Bridging the Emissions Gap highlights the need for realistic changes in the energy system, by improving energy efficiency and by accelerating the introduction of renewable energies. Specifically, the study reviewed 13 scenarios from nine different scientific groups. The scenarios were all able to reduce greenhouse gas emissions to meet the two-degree target by 2020 by using a combination of the following:
The report’s authors note that all the scenarios examined had different mixes of these options, indicating that there are many different pathways to bridging the gap.
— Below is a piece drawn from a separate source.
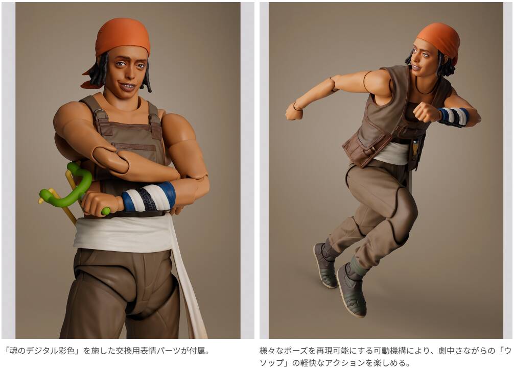 勇敢な海の戦士に憧れ、麦わらの一味の狙撃手を担う「ウソップ」をアクションフィギュアシリーズS.H.Figuartsで立体化!躍動感のあるポージングが楽しめる可動機構や、劇中さながらの衣装造形と、「魂のデジタル彩色」によるリアルな表情再現により、実写版の『ワンピース』の世界観を楽しむことができる。同シリーズの「チョッパー」(別売り)用の交換用表情パーツも付属。

Importantly for policymakers, the report also looks at what these options would cost. Globally, the average marginal costs range from $US25-$US54 per tonne of equivalent carbon dioxide removed, with a median value of $US34 per tonne.
This emissions reduction potential is larger than the estimated emissions gap of 12 GtCO2e under business-as-usual conditions, and as such, provides policymakers with clear insights into promising options for the way forward to stay below the two-degree C target.
This report confirms that Australia’s recent clean energy legislation is considered to be in line with global climate action policy, albeit inconvenient for many to admit.